Devant les défis énormes de la globalisation, qui commençait alors à s’annoncer, devant les aspirations démocratiques montantes des peuples, devant les enjeux d’une révolution technologique et informationnelle engagée… les régimes d’Europe de l’Est se révélèrent incapables de s’adapter et d’apporter des réponses nouvelles. Ils furent dépassés par le cours de l’histoire. Au point où la stratégie américaine d’étouffement financier par la course aux armements et la militarisation de l’espace leur portera, dans une crise économique structurelle, un coup définitif.
Le problème cependant n’est pas seulement dans les causes de la chute.

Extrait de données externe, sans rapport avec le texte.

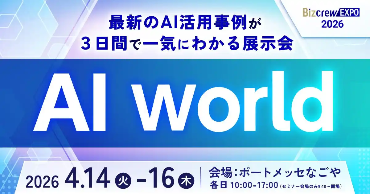 ---<展示会概要>------------------------------------------------------- AI World 2026 春 名古屋 展示会HP:https://www.bizcrew.jp/expo/ai-nagoya 会 期:2026年4月14日(火)~4月16日(木) 10時~17時 会 場:ポートメッセなごや 主 催:DX 総合EXPO/ビジネスイノベーション Japan/AI World 実行委員会 後 援:(一社)日本デジタルトランスフォーメーション推進協会、 (一社)日本テレワーク協会、(一社)AI・IoT普及推進協会 |

Il est aussi dans ce qui a suivi. L’essentiel du débat politique a été structuré par deux thèses plutôt issues du « bagage » idéologique du néoconservatisme américain : la Fin de l’histoire… (Francis Fukuyama) et le Choc des civilisations… (Samuel Huntington). Cela en dit beaucoup sur l’impuissance des progressistes, des communistes et de la gauche en général à redéfinir alors les fondements d’une alternative. Certes, il fallait convoquer le passé et assumer les effets de l’effondrement à l’Est, mais la confrontation sur l’avenir, malgré des aspirations grandissantes, des résistances et des luttes, n’a pas eu la place nécessaire dans la confrontation politique et idéologique. Il faut en sortir, comprendre la portée globale du basculement de novembre 1989, comprendre ce nouvel état du monde et agir pour le transformer. Il n’y a évidemment pas de défi politique plus important que celui-ci.
Si le « socialisme réel » fut incapable d’assurer les mutations de son temps, on voit aussi que le système capitaliste, qui cherche vainement sa moralisation, sa régulation, sa refondation, sa correction verte, est en crise profonde. Il touche à ses limites. Le néo-impérialisme et les politiques de puissance sont en échec, les tensions, le surarmement et la guerre sont des réalités permanentes, les grands défis sociaux, du développement humain durable, de la démocratie restent sans réponse. L’enjeu du changement de mode de développement et du mode de production devient crucial, au croisement des attentes sociales, des exigences écologiques et du besoin d’une culture nouvelle. Le besoin de révolution et d’un nouvel humanisme pousse avec force et avec lui l’espoir d’un monde plus civilisé.
Tout est lié dans le monde où nous vivons maintenant. L’humanité vit une seule et même histoire. Nous devons savoir penser cette globalité qui est quelque chose comme l’intérêt commun à tous les peuples et l’exigence de responsabilité collective. Non seulement le capitalisme n’a plus d’adversaire extérieur (il est mort avec la chute du mur) mais il est devenu lui-même son pire ennemi. Il a beau se chercher de nouveaux ennemis antagoniques (comme le terrorisme), les problèmes et les adversaires qu’il rencontre, c’est d’abord de lui-même qu’ils procèdent. C’est cela notre force : il n’y a pas d’issue à la crise qui ne soit en même temps la démonstration, en France et dans le monde, de la nécessité d’un dépassement du capitalisme. Il y a vingt ans, celui-ci s’est cru – à tort – exonéré de la grande leçon sur la démocratie et le développement humain que la chute du mur infligeait à tous. À tous les modèles et à tous les modes de gestion. Aujourd’hui, nous sommes devant un immense défi : qui écrira la nouvelle page de l’histoire issue du basculement du monde et de la crise du capitalisme mondialisé ? Les communistes français ont les moyens d’y contribuer, à une condition sine qua non : ne rien oublier mais cultiver l’obsession de l’avenir.